TASK TO COMPLETE: Word for word, restate the lines of the data below between those holding "LV25Ss Spring/Summer New" and "2016年11月份全国百家重点大型零售企业服装零售额同比增长3.0%", inclusive; pictures do not belong in the copy.
++++ SOURCE DATA
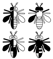 モザイク解析の考え方。黒は正常な遺伝子を持つ部分、白は変異遺伝子を持つ部分を示す。眼の遺伝子型と体の遺伝子型が一致していない個体を調べ、眼の機能異常がどちらの遺伝子変異によるものかをみわける。イラストは直筆で、いかにショウジョウバエを可愛く見せるかに苦労した。
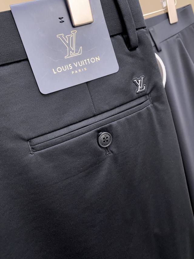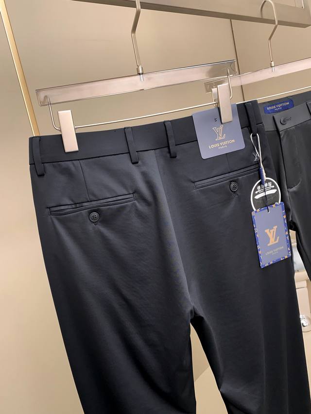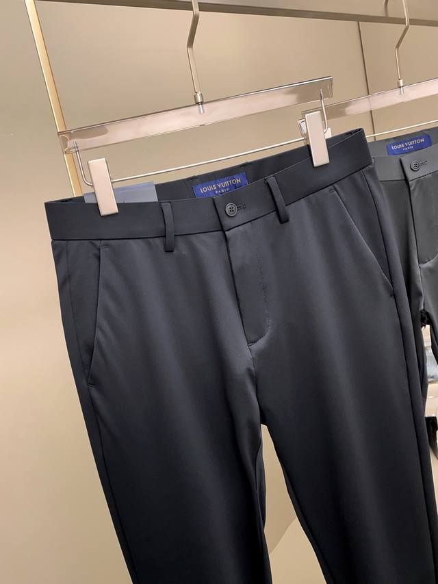 LV25Ss Spring/Summer New Men's High-Quality Business Casual Trousers, a stylish urban elastic waist trouser, exuding gentlemanly elegance and showcasing a casual and natural elegance! Stylish solid color casual trousers, made from selected imported high-elasticity fabric, wrinkle-resistant and wrinkle-free, with excellent vertical lines, a top choice for the sharp and capable man. Exquisite 1V logo on the back pocket, an indispensable simple and versatile piece in your wardrobe, convenient and comfortable to wear, and extremely easy to match with stylish looks. Basic straight-leg cut, unrestricted by body type, incredibly versatile color, easily matching any top, perfectly combining business and casual styles. Colors: Dark Gray, Black. Sizes: 30-38, 35 available, 37 unavailable. Size Reference: Size 31: Waist 80cm, Hips 104cm, Thigh 56cm, Length 108cm, Leg Opening 34cm.
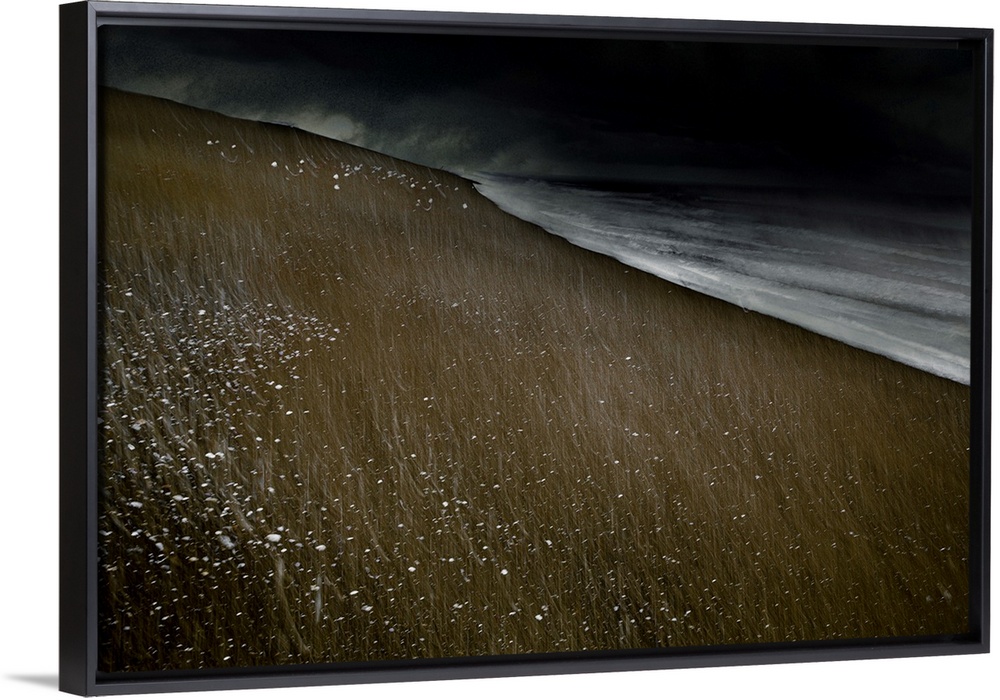 <p>Abstract photograph of a beach landscape with dark ocean waves crashing on a dark sandy beach with white specks and thin lines all over.</p>
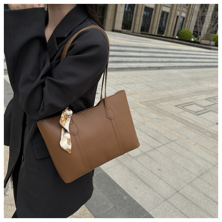 批发森系轻奢手提托特包女包2025秋新款大容量单肩包撞色潮腋下包
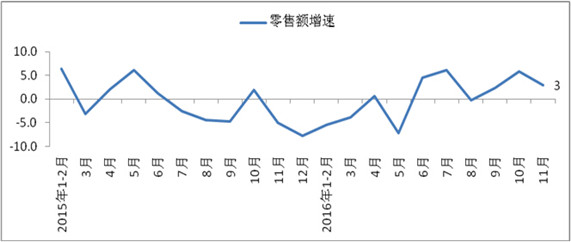 2016年11月份全国百家重点大型零售企业服装零售额同比增长3.0%
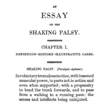9. 1 2 Louis ED (November 1997). "The shaking palsy, the first forty-five years: a journey through the British literature". Mov. Disord. 12 (6): 1068–72. doi:10.1002/mds.870120638. PMID 9399240. S2CID 34630080.
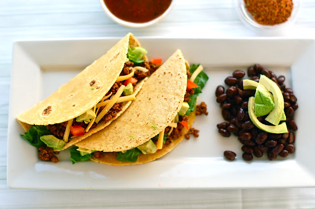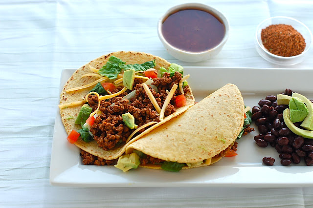 To make tacos, saute shallot or onion in a skillet for 3 minutes. Add ground beef and brown, cooking until there is no more pink left in the meat. Drain fat, add 2-3 tablespoons spice and 1/3 cup water. Stir together and simmer on low until slightly thickened. Add cilantro and stir through. If mixture seems a little dry for your taste, add a splash more water until the consistency is to your liking. Serve with taco fixin's of your choice.
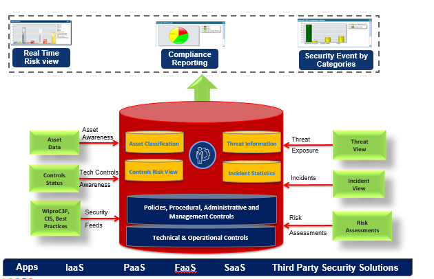 Wipro’s Cloud Security Compliance Assurance Program provides a holistic approach for Cloud Risk Assessment. It uses an effective strategy to treat and mitigate risks, utilizing Wipro’s Common Control Framework and best practices to proceed with recommendations and implement appropriate controls. This service is delivered using our Cyber Defense Platform, which uses a top down questionnaire based threat assessment method by leveraging MITRE attack framework, SANS threat vectors and SANS top 20 critical security controls. The platform also uses best of breed technologies like QualysGuard for vulnerability assessment and provides a real time assessment of regulatory compliance posture and efficacy of controls adopted. We provide quantified predictive risks obtained by Monte Carlo simulation of business criticality and associated risks of respective assets. We also provide qualitative inputs on risks derived at organization level, control level and asset level.
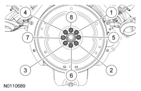 Tighten the 8 new bolts in 6 stages.Stage 1: Tighten fasteners 1 through 4 in sequence to 20 Nm (177 lb-in).
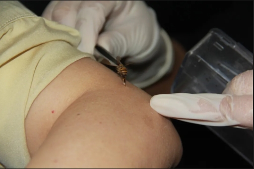 蜂针皮试 是指初次接受蜂针治疗的患者,先用蜂针点刺手法,进行皮肤刺激进行测定,以观察患者的局部及全身反应。因为许多病人在初次接受蜂针治疗时都有一定的过敏反应,严重者可出现全身反应,所以进行必要的皮试是非常必要的,可以避免患者不必要的痛苦,让蜂针治疗达到安全而有效的目的。
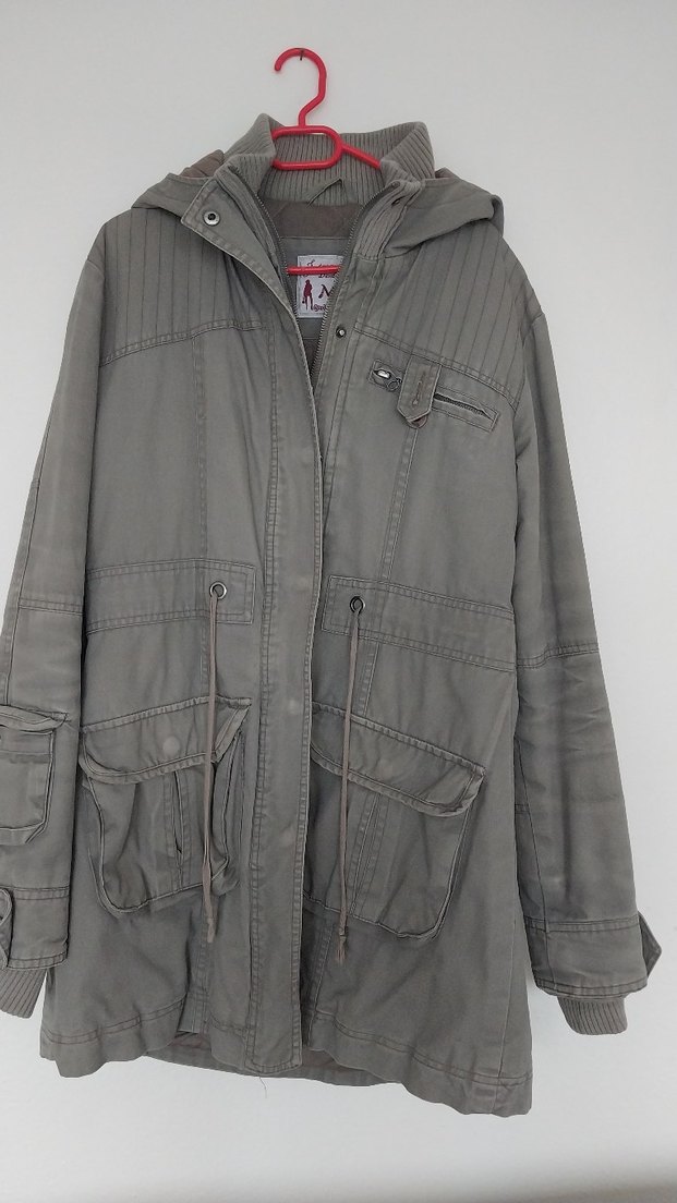gri renk, çıtçıtlı ve fermuarlı kapatma,keten kumaştan midi uzunlukta kadın kaban, şapkası aabittir. Boy omuz ortasından 79cm, kol 75,5cm, gögüs 51cm,Rahat kesimi ve uzun kollarıyla günlük sokak stiline uygun. sağ cepte sökük var görselee paylaştım.marka yards
++++++++
SOLUTION TO THIS TASK:
 LV25Ss Spring/Summer New Men's High-Quality Business Casual Trousers, a stylish urban elastic waist trouser, exuding gentlemanly elegance and showcasing a casual and natural elegance! Stylish solid color casual trousers, made from selected imported high-elasticity fabric, wrinkle-resistant and wrinkle-free, with excellent vertical lines, a top choice for the sharp and capable man. Exquisite 1V logo on the back pocket, an indispensable simple and versatile piece in your wardrobe, convenient and comfortable to wear, and extremely easy to match with stylish looks. Basic straight-leg cut, unrestricted by body type, incredibly versatile color, easily matching any top, perfectly combining business and casual styles. Colors: Dark Gray, Black. Sizes: 30-38, 35 available, 37 unavailable. Size Reference: Size 31: Waist 80cm, Hips 104cm, Thigh 56cm, Length 108cm, Leg Opening 34cm.
 <p>Abstract photograph of a beach landscape with dark ocean waves crashing on a dark sandy beach with white specks and thin lines all over.</p>
 批发森系轻奢手提托特包女包2025秋新款大容量单肩包撞色潮腋下包
 2016年11月份全国百家重点大型零售企业服装零售额同比增长3.0%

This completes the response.